The decline of bookstores has been duly noted in The Shatzkin Files and, of course, the bankruptcy of Borders has everybody’s attention. Less well-publicized has been the decline of book sales in the mass merchants. (Tactics for arresting that slide will be the topic of a presentation by Tara Catogge of Charles Levy at BISG’s Making Information Pay conference, another one we get our hands dirty on, taking place on May 5.) As the brick channel for printed books continues its inevitable decline into insignificance, the state of play and the tactics to adjust to the loss of sales and, perhaps more important, merchandising exposure, will be a topic we’ll discuss again, as we did with independent bookstores and heads of sales departments last January.

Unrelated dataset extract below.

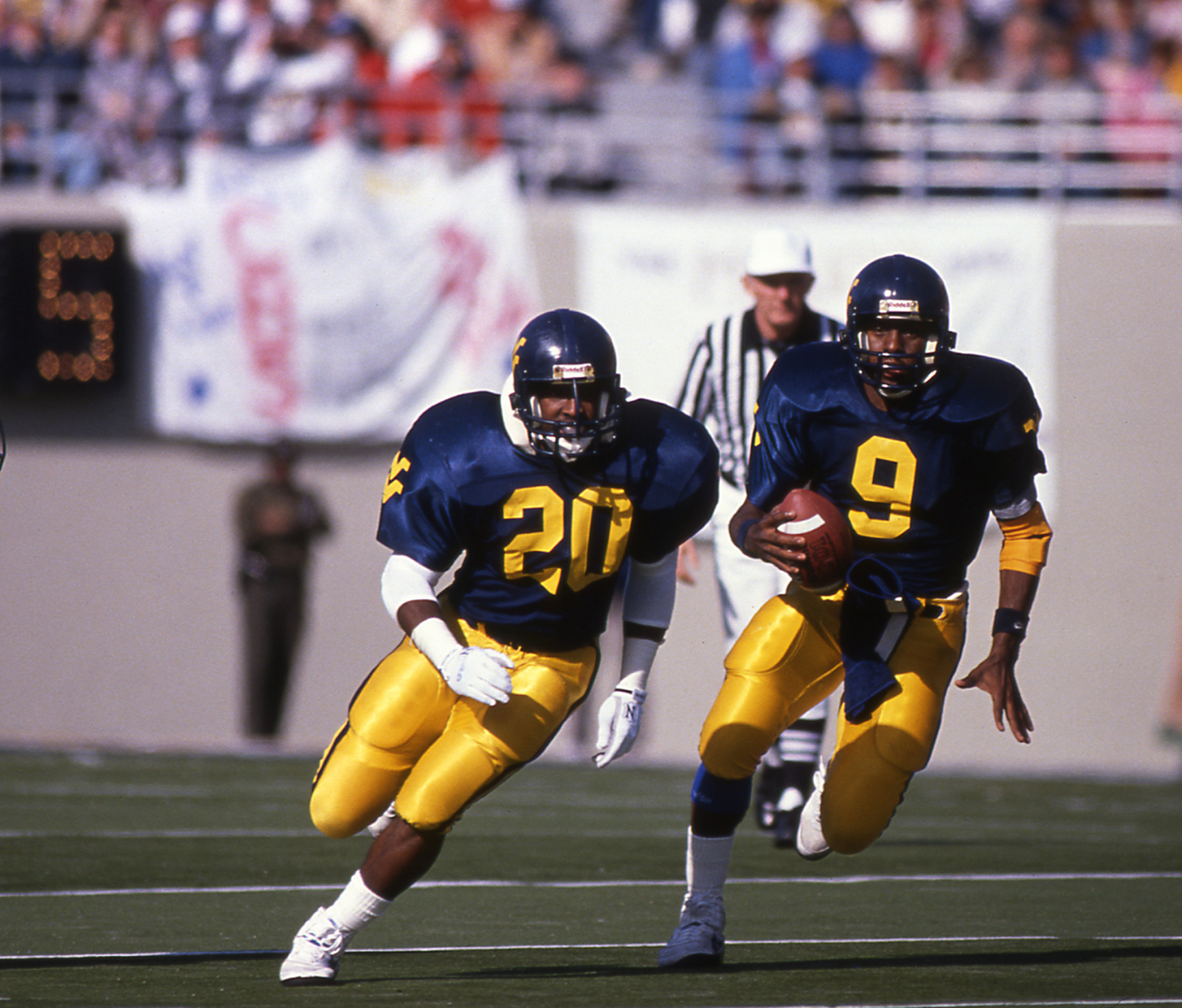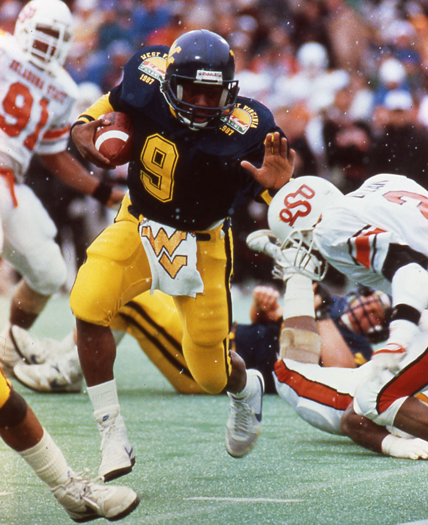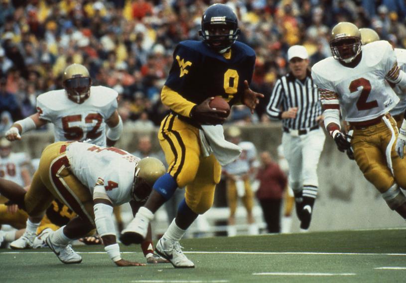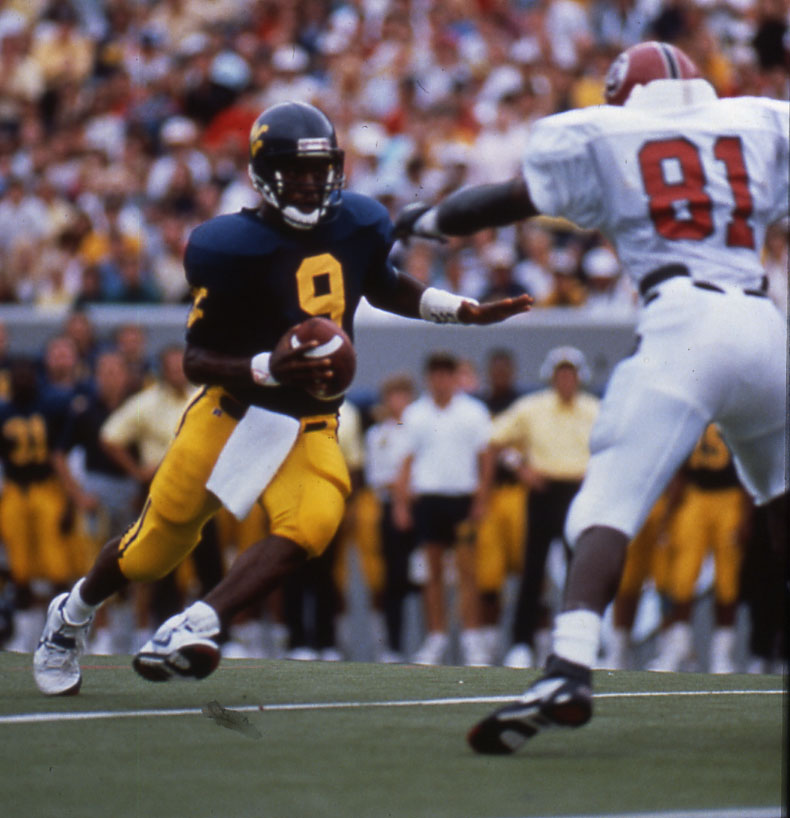 After struggling through the early part of his redshirt freshman season, the elusive signal caller had a breakout game against East Carolina in 1987 and never looked back. He produced 1,200 yards passing and 615 rushing yards in helping WVU to a John Hancock Sun Bowl berth against Oklahoma State.

And how to deal with libraries in the ebook world is a question vexing many publishers. Two of the Big Six just don’t sell them ebooks at all; one company has tried a number-of-loans limitation. We are intrigued by a solution pioneered by Bloomsbury in the UK — a “shelf” of books the library licenses a year at a time for online reading only. We aren’t covering it in our London show because we think most of the UK market is familiar with it but we’ll be putting it on the agenda for Digital Book World next January.

Next week I’ll give you a preview of the first two Publishers Launch Conferences programs: for international visitors to BEA and the Americans who work with them (on May 25) and, with the Publishers Association, our program for UK publishers (on June 21.)